» **Task instructions**
For the entries that follow, restate word for word the line containing "Chalcedony 5 motif", the line containing "Banksy Grim Reaper", and every line that lies between them.

» **Data**
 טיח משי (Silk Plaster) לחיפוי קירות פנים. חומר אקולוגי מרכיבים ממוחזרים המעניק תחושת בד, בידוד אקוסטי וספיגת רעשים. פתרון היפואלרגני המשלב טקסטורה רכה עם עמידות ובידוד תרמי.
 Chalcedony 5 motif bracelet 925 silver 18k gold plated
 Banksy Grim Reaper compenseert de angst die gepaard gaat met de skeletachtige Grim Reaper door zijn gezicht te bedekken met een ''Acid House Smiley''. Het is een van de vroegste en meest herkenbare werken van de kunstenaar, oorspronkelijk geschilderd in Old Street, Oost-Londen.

* * *

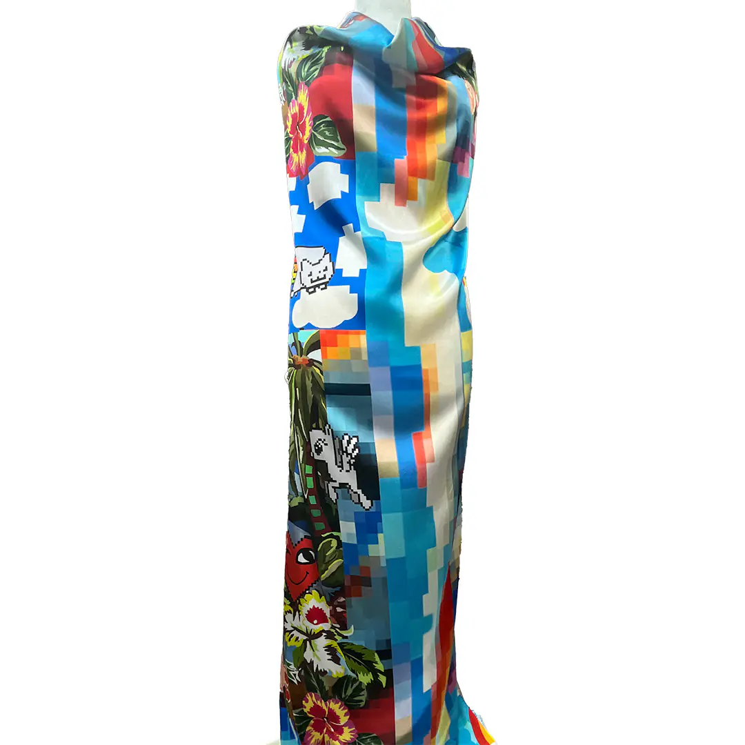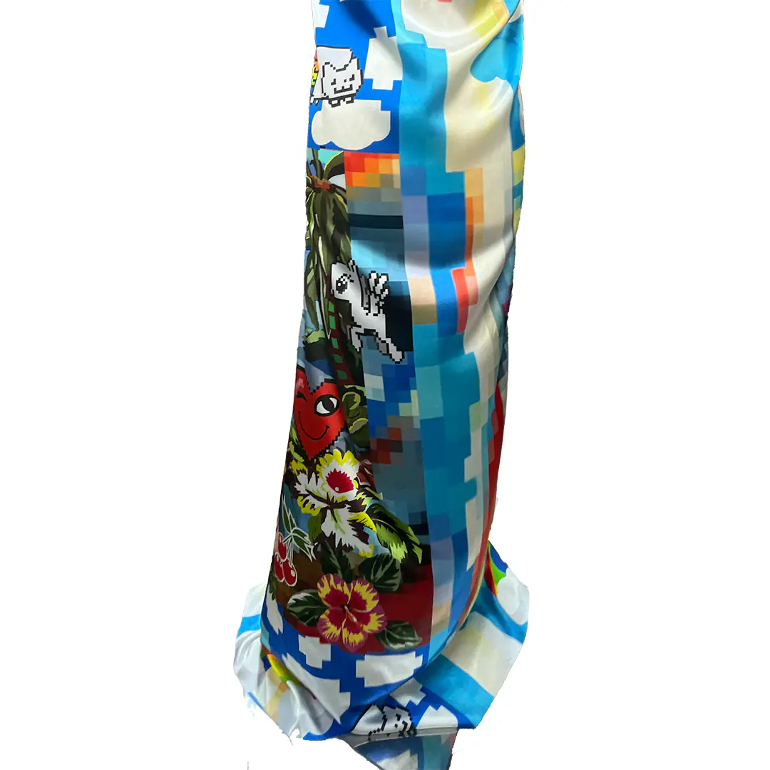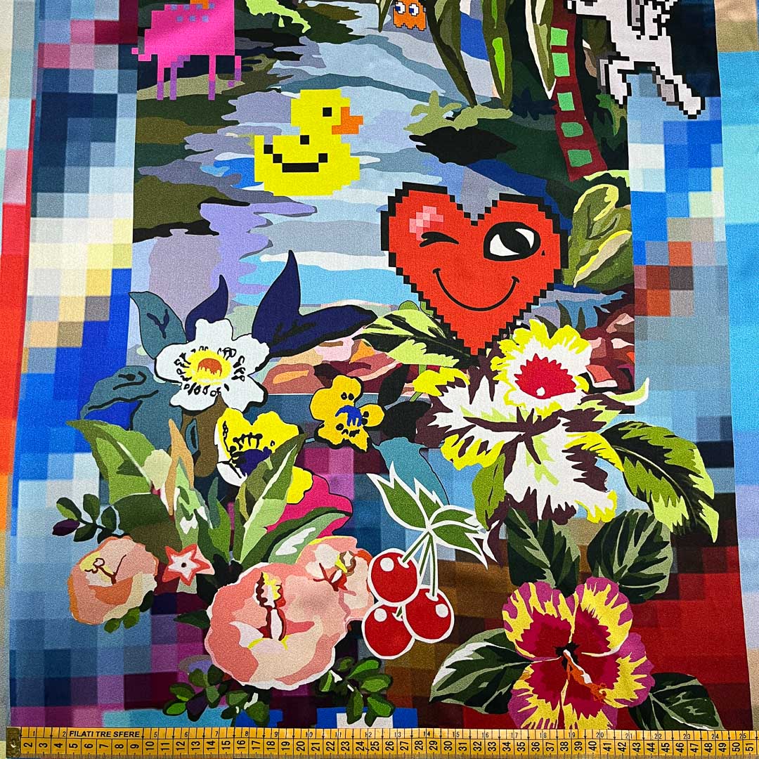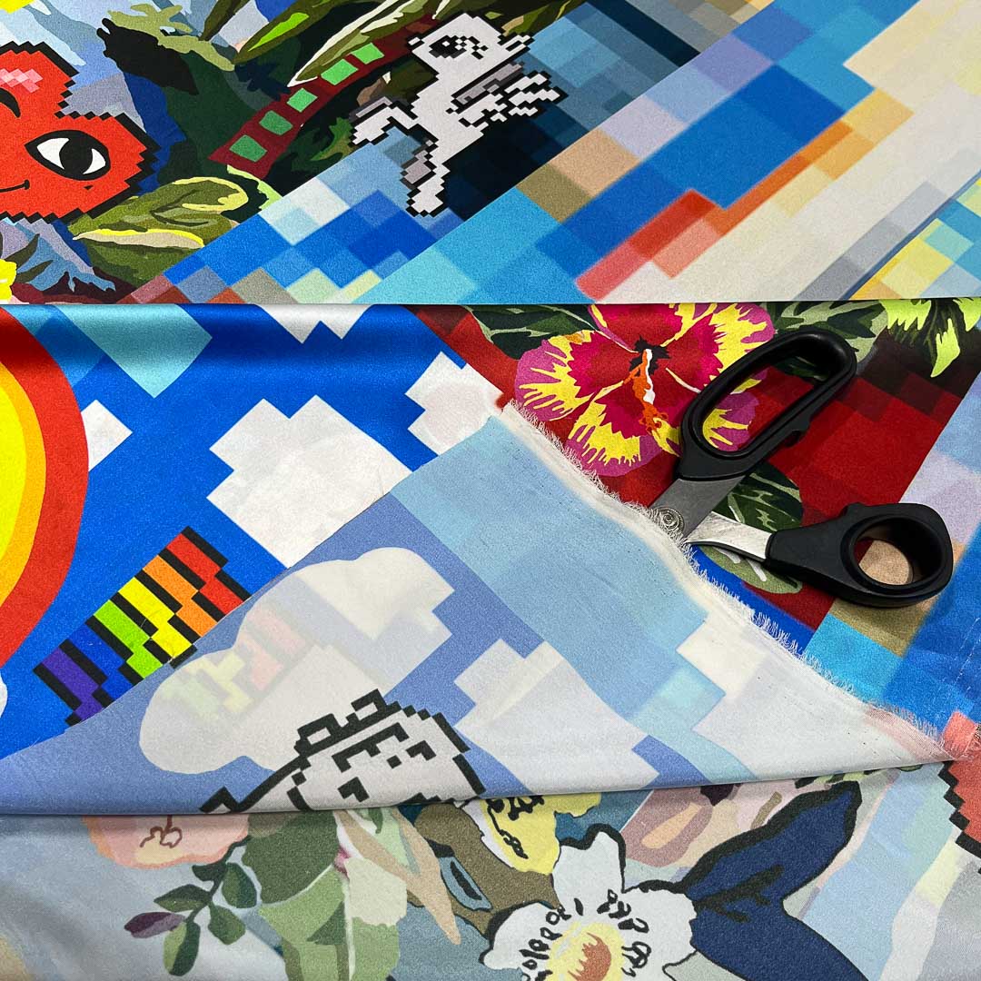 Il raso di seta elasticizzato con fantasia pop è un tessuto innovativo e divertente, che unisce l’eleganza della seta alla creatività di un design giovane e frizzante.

» **Written response**
 Chalcedony 5 motif bracelet 925 silver 18k gold plated
 Banksy Grim Reaper compenseert de angst die gepaard gaat met de skeletachtige Grim Reaper door zijn gezicht te bedekken met een ''Acid House Smiley''. Het is een van de vroegste en meest herkenbare werken van de kunstenaar, oorspronkelijk geschilderd in Old Street, Oost-Londen.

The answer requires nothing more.